**PROBLEM DESCRIPTION**:
From the listing below, output the lines between the one with "Một số vấn đề" and the one with "醫用報警與顯示儀AID150", including those two, and nothing else. Pictures are not copied.

**EXTRACTED MATERIAL**:
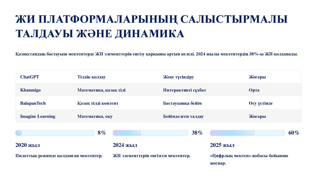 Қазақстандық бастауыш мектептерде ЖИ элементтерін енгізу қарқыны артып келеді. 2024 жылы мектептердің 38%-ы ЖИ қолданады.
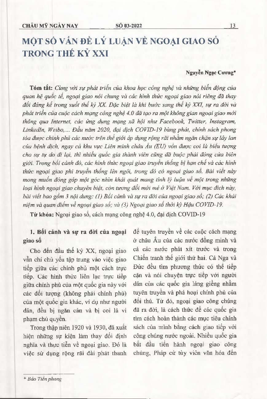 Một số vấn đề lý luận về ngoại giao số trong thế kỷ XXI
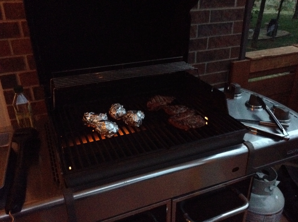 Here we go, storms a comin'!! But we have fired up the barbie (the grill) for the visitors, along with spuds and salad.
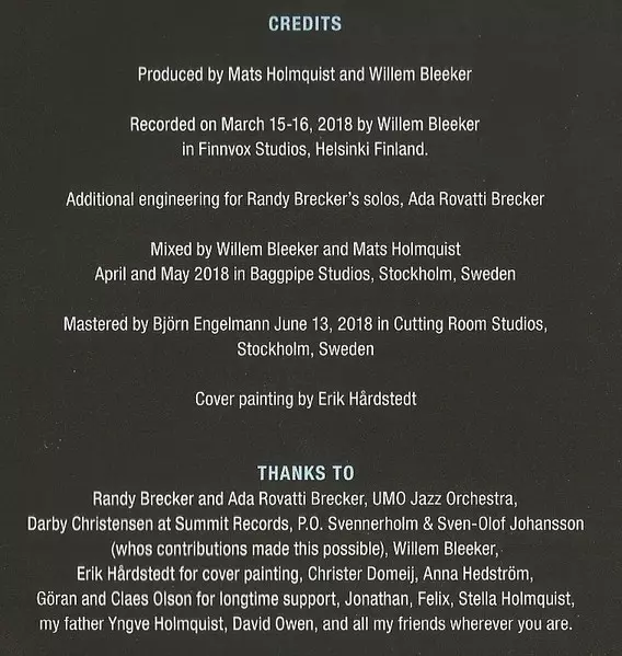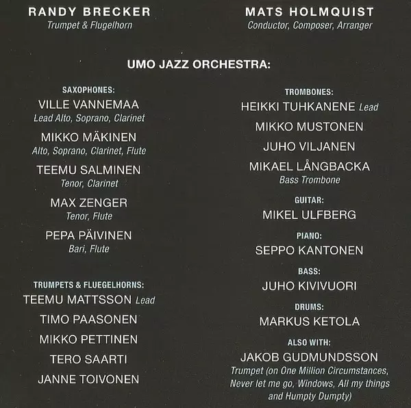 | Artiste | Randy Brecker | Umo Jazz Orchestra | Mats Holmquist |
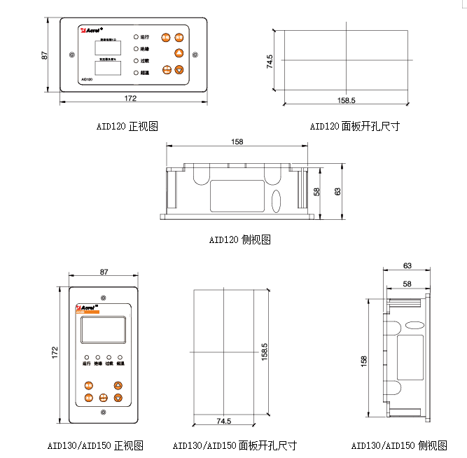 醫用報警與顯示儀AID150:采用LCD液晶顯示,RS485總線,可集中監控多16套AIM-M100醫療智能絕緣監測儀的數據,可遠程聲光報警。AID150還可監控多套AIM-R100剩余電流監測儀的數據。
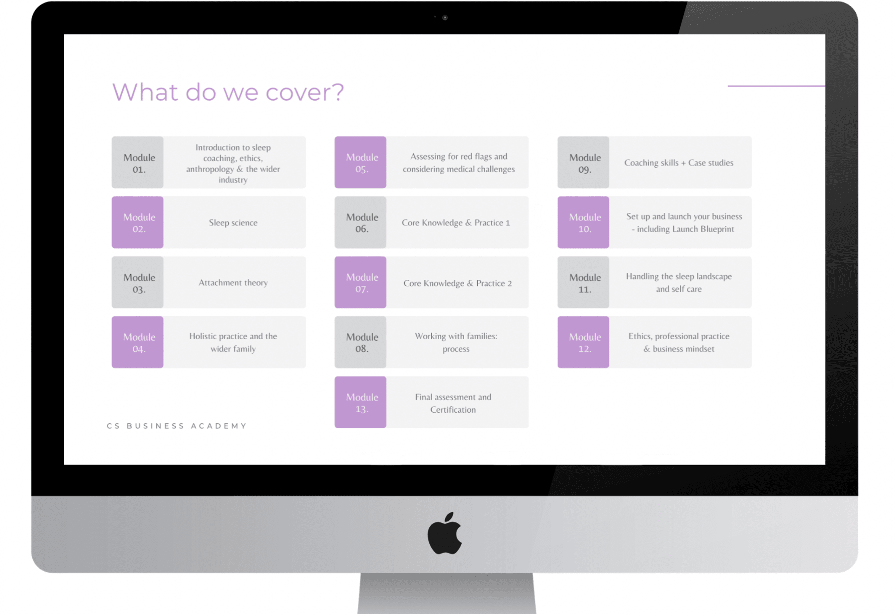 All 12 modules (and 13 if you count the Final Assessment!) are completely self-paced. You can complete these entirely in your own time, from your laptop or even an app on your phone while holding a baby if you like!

**ANSWER SECTION**:
 Một số vấn đề lý luận về ngoại giao số trong thế kỷ XXI
 Here we go, storms a comin'!! But we have fired up the barbie (the grill) for the visitors, along with spuds and salad.
 | Artiste | Randy Brecker | Umo Jazz Orchestra | Mats Holmquist |
 醫用報警與顯示儀AID150:采用LCD液晶顯示,RS485總線,可集中監控多16套AIM-M100醫療智能絕緣監測儀的數據,可遠程聲光報警。AID150還可監控多套AIM-R100剩余電流監測儀的數據。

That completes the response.